DOOMDOOMA, March 22 - Dibru-Saikhowa National Park situated in Tinsukia district of upper Assam, which is said to be home to various species of flora and fauna, has now become a safe haven for poachers. This can be gauged from the available statistics. The forest personnel of Tinsukia Wildlife division rescued six feral horses on February 28 near the NH-37 bypass at Makum while being transported in a truck (AS 01JC - 0457) with a tag of army duty.
Four persons, including two ex-Army personnel, including Subedar Khagen Baishya and Arun Pal Singh, a horse trainer of the Indian Navy, driver Rafiqul Islam and the handyman Abdul Kalam were nabbed and sent to judicial custody. However, the forest staff failed to nab the main alleged kingpin in this regard.
The rescued horses were later released in Dibru-Saikhowa National Park in the presence of the senior forest officials, WTI veterinarian, environmentalists and honorary district wildlife warden.
According to information, one Seril Murah of the Ananta Nallah, a tributary of the Brahmaputra, ferried two of his trained horses to an under-construction hospital campus at Laopoti Phulbari Gaon under Talap outpost of Doomdooma PS, where the feral horses were allegedly captured by him along with his accomplices from the national park and were being trained by Arun Pal Singh after a huge monetary deal.

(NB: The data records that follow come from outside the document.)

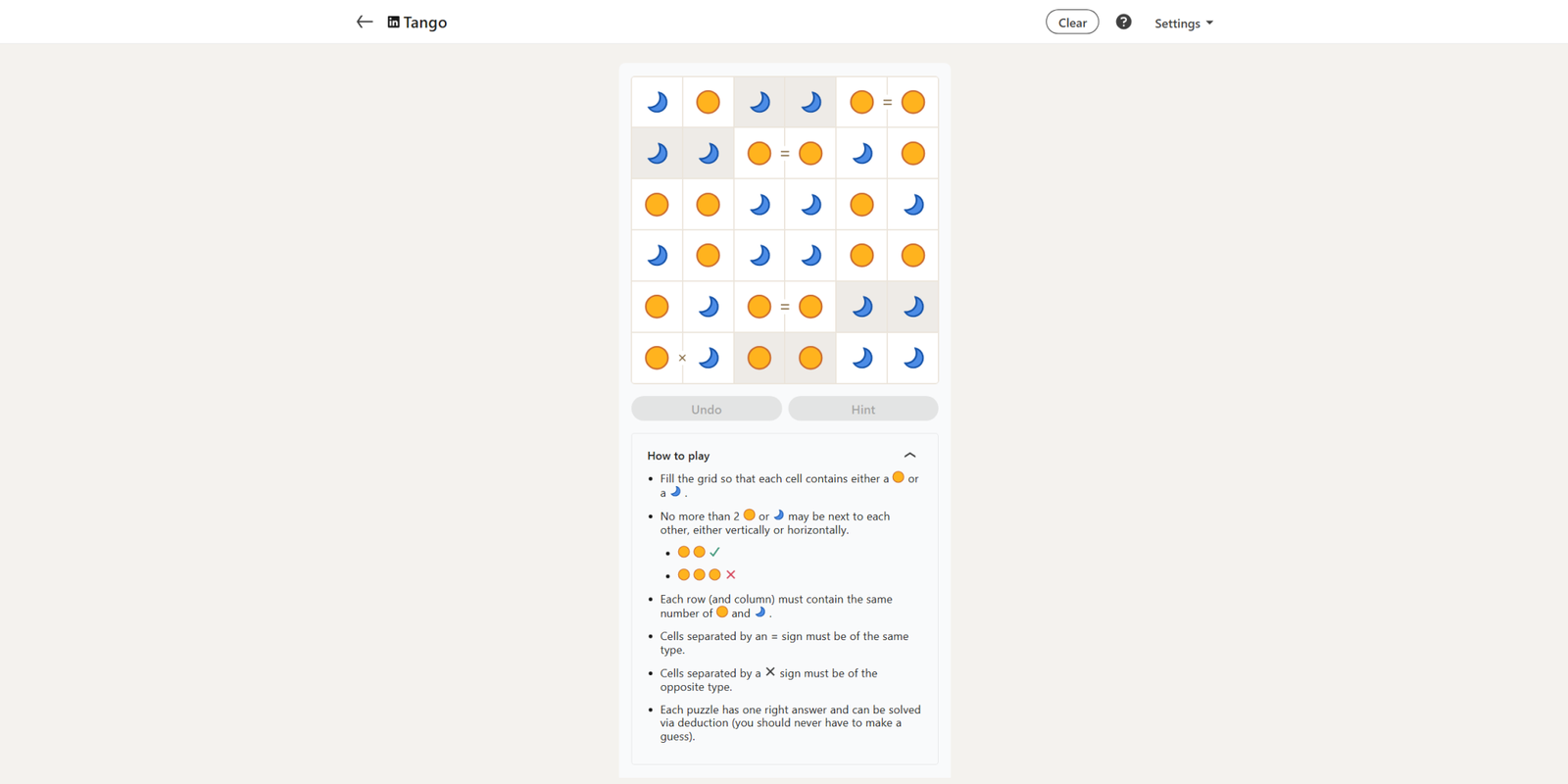 Сегодняшняя головоломка Tango довольно проста, как и другие. С восемью уже заполненными числами, и все они пары, сетку довольно легко завершить благодаря многочисленным знакам равенства, которые предоставлены.
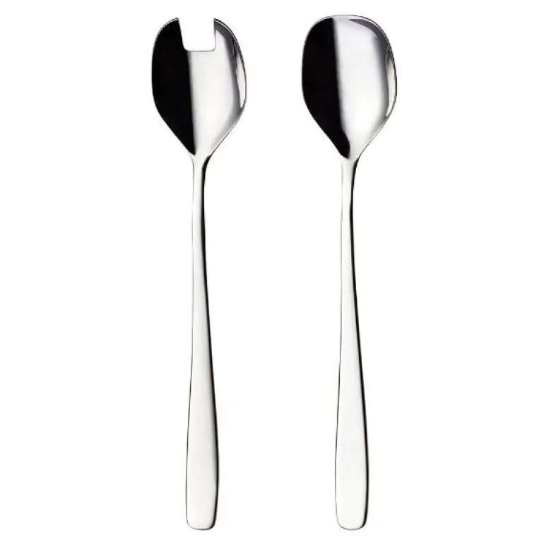 Salatsett fra den ergonomiske, stilsikre Tuva-serien fra Hardanger Bestikk. Bestikket har god balanse for et godt grep og bevegelse. Salatskjeen og salatgaffelen har gripevennlig håndtak og god dybde. Delene komplementerer hverandre for sømløs servering. Stålet som er av 18/10 rustfritt stål tåler oppvaskmaskin, og produktet har livstidsgaranti. Salatsettet leveres i gaveeske og inneholder;
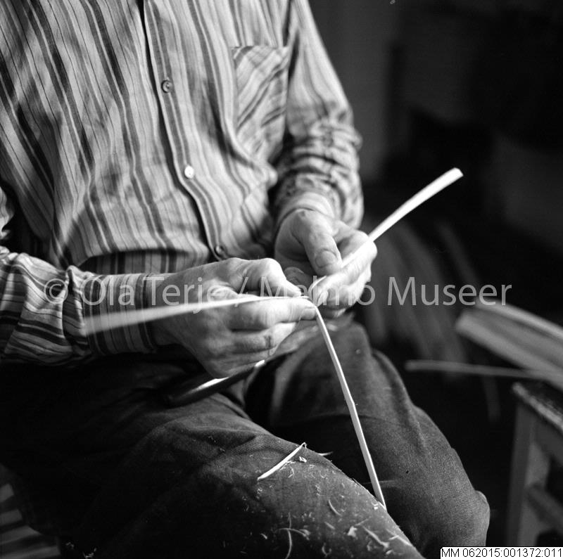 MM 062015:001372:011 :: man, träslöjd, träslöjdare, granrotsslöjd, porträtt
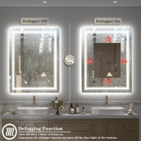 [Unique Design]: Integrated mirror power switch and anti-fog button. The built-in anti-fog function eliminates the need for constant de-misting sprays. Anti-fog mode automatically shuts off after 1 hour for energy efficiency and safety.
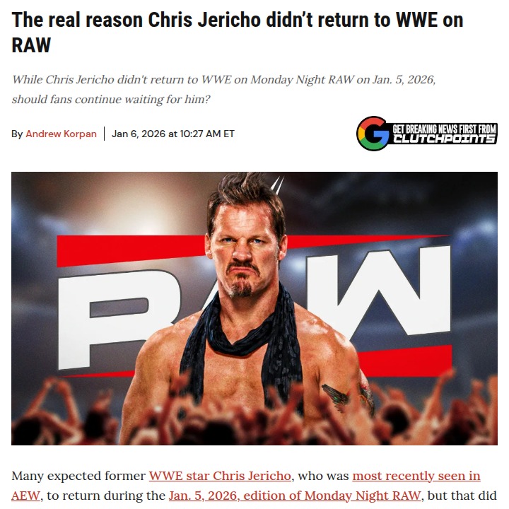 Kendra Ward+FollowJericho’s Raw No-Show: AEW or WWE Next?Talk about a swerve! Fans were hyped for Y2J to break the walls down on Raw’s big night, especially after Adam Pearce’s tease. But now it’s official: Chris Jericho isn’t showing up, and he’s still on AEW’s roster. Is this a contract snag, a strategic WWE delay, or just classic wrestling misdirection? The speculation is wild—could the Royal Rumble be the real return spot for The Ocho? #Sports #Wrestling #ChrisJericho00Share
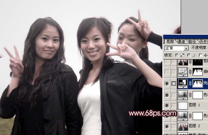 4、创建亮度/对比度调整图层,参数设置如图6,确定后只保留人物部分,其它地方用黑色画笔擦掉,效果如图7。
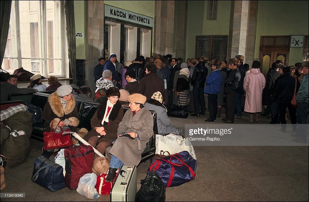 http://www.gettyimages.at/detail/nachri ... o/50593540 Rail passengers carrying shopping & overnight-sized bags packing platform, waiting to bd. train, at Belorussian train station, Moscow (February 19, 1992).
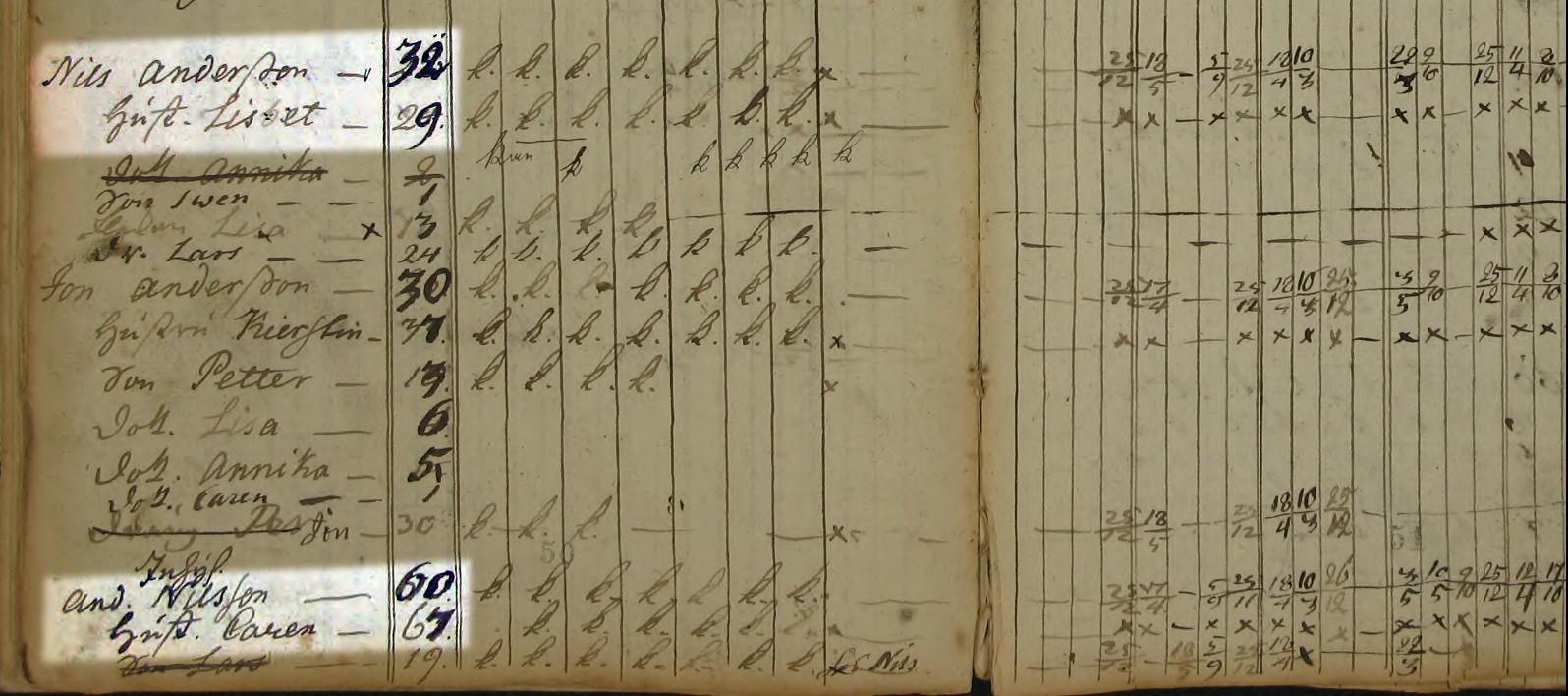 Eftersom Nils Andersson föddes 30/11 1729 verkar personernas ålder gälla år 1761 eller 1762.

The DFO of Tinsukia Wildlife Division, Rajendra Singh Bharti informed the local scribes that the forest personnel have been on the trail of all the persons, including the contractor of the hospital, allegedly involved in the smuggling of horses who had gone underground.
The DFO also said that due to shortage of forest staff, the field personnel had to be deployed in ministerial work which resulted in hindrance in the crime-related investigation process.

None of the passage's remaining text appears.